The expert said there are substances that change to morphine when the body metabolizes them.  None of those showed up positive.  The expert questioned the possibility of a false positive, whether a follow-up test was conducted to confirm the results, or the possibility of human error.

A local child welfare attorney explained to Channel 13, “I think there's always the potential for there to be a mistake.”

Brent Pattison leads Drake University Law School’s Middleton Center for Children’s Rights.  He said recent high-profile cases involving children who slipped through the cracks have led to more calls to DHS, higher caseloads for workers, and more pressure for those workers to get it right.

“Is it better to be safe than sorry?  That's the critical question that's confronting child welfare workers, especially in Iowa right now."

Cox and Spooner wonder if the DHS worker showed up at their house with a bad assumption.  The night she took Henrietta, the case worker sat with Rachel to write up a safety plan moving forward.  It starts out reading, “Rachel Cox said she took morphine when she was pregnant.”  Cox said she corrected the woman, who crossed out the admission and wrote about the umbilical cord test, instead.
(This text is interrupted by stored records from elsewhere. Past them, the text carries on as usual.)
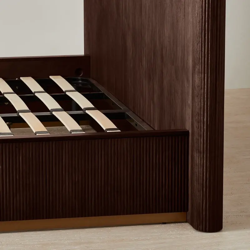 The San Pierre Bed showcases an ebony veneer finish that enhances its modern design. Its fluted detailing adds texture and depth, making it a standout feature in any bedroom.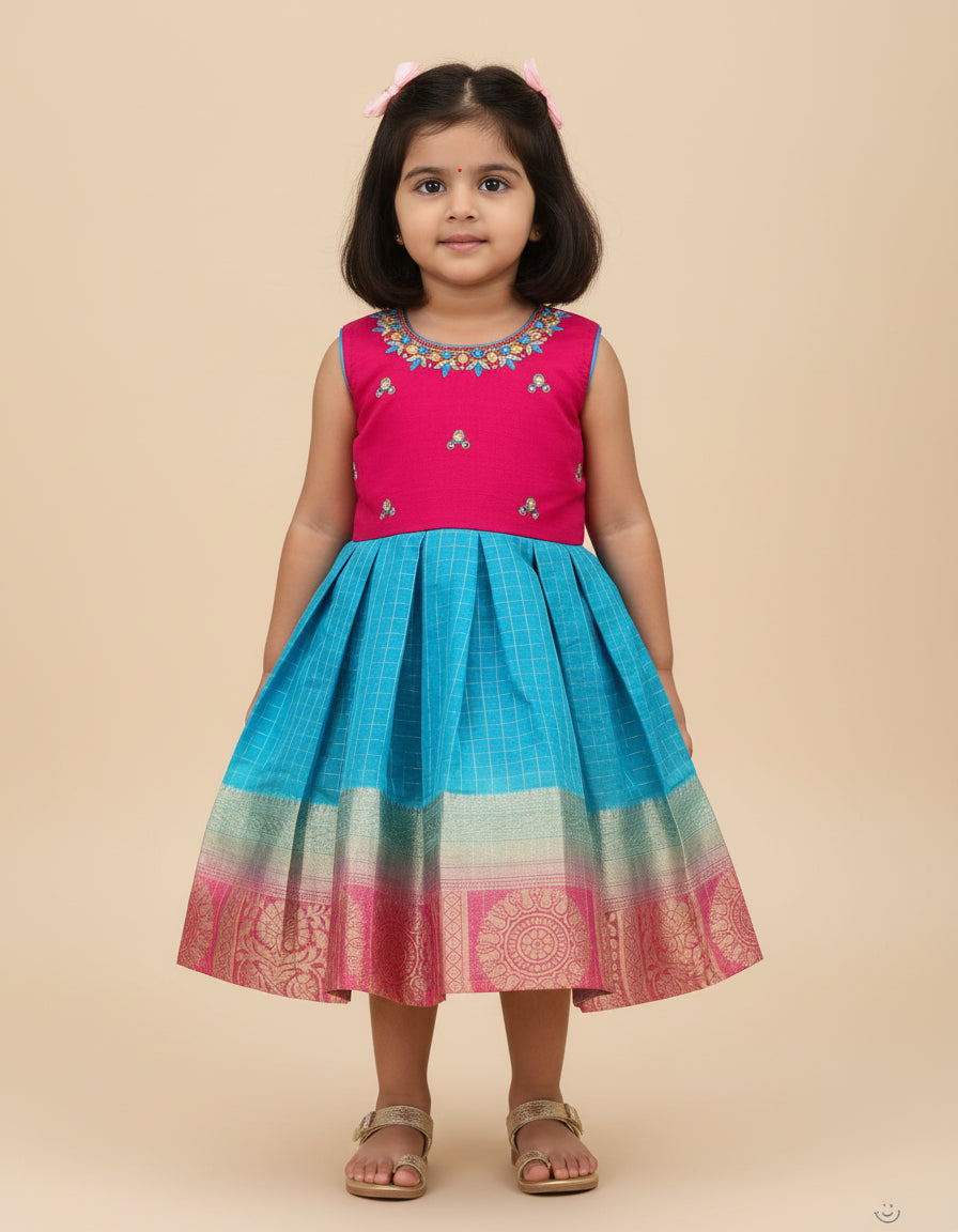 Girls Ethnic Embroidery Work Frock - Dark Pink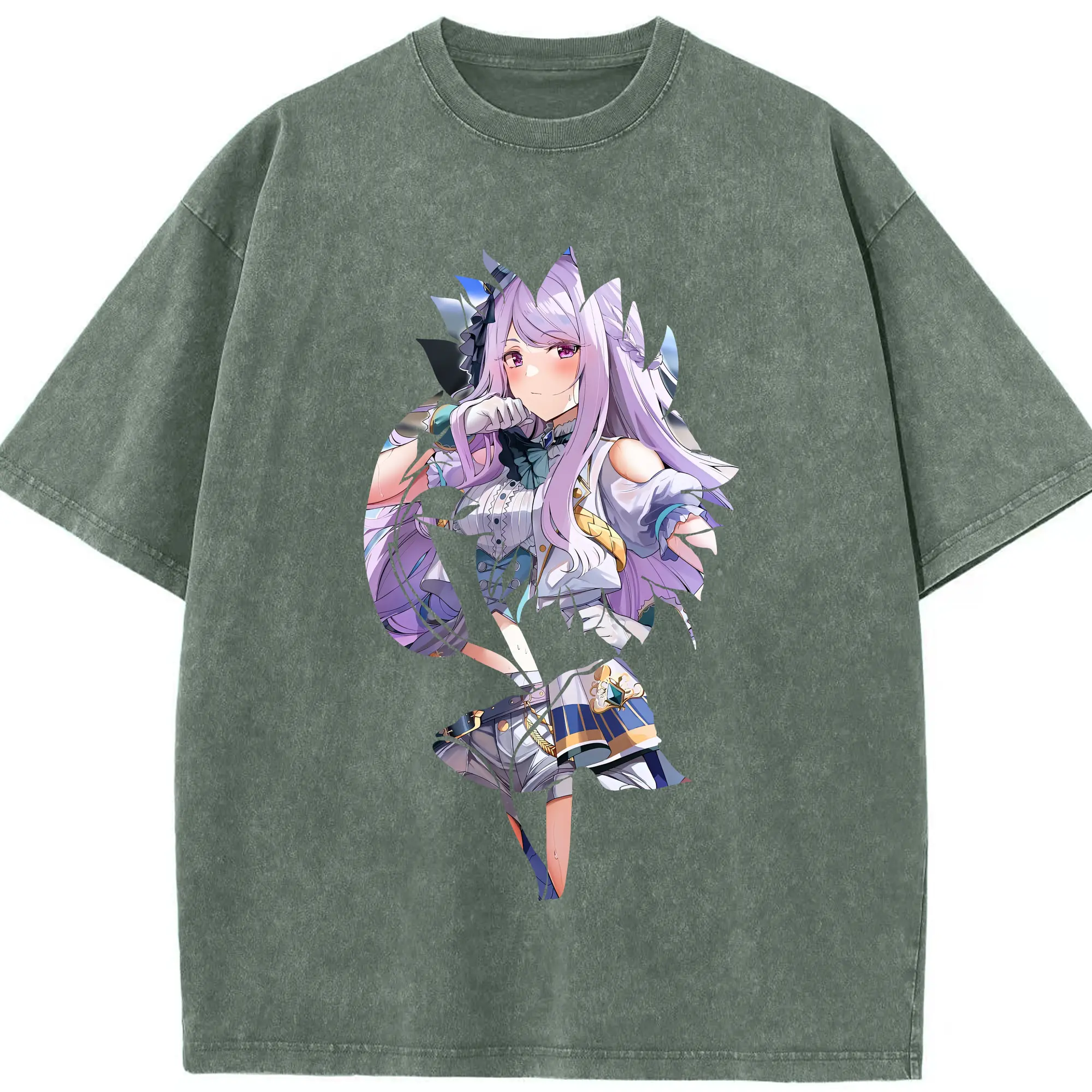 ウマ娘 プリティーダービー グッズ メジロマックイーン - 綿100% ヴィンテージ風 半袖Tシャツ ・ 背面プリント ・ 柔らか肌触り ・ 通気性 快適 ・ スポーツ カジュアル 外出用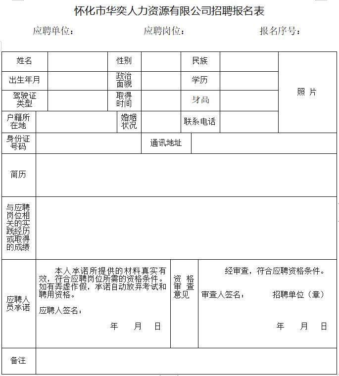 懷化市華奕人力資源公司招聘公告

Pattison won't talk about this specific case.  “But there is the risk that if we start with bad information, we can get a bad result,” he said.

Henrietta was gone for 10 days before the family could receive a court hearing.  Cox and Spooner passed new drug tests.  The judge ruled Spooner’s outburst was in defense of Henrietta, and ordered the baby be returned immediately.  Pattison pointed to a recent study that shows 10% of American children removed from homes were put back into the homes or placed with a relative within 30 days.  He added, “Out of those kids, about 50% were returned within five days, and so I think (the researchers') point…which is an important point, is that we really have to make sure we get these decisions right.  Because if we're pulling kids and we're returning them so quickly, maybe we're not operating on the best data, and we're hurting families in some ways."

Cox and Spooner are thrilled to have Henrietta back at home.  The baby's court-appointed attorney motioned the court to dismiss all of the actions against the family, but their ordeal is far from over.

A judge in a different county refused to throw out the case.  Cox was automatically placed on Iowa's child abuse registry, and she will be subjected to more drug screenings and made to enter drug rehab.  The couple is getting ready to appeal those decisions.  Cox and Spooner said they feel they’ve been labeled “guilty” until proven innocent.

“'Cause we weren't hurting our child,” said Cox.  “We didn't do anything wrong.”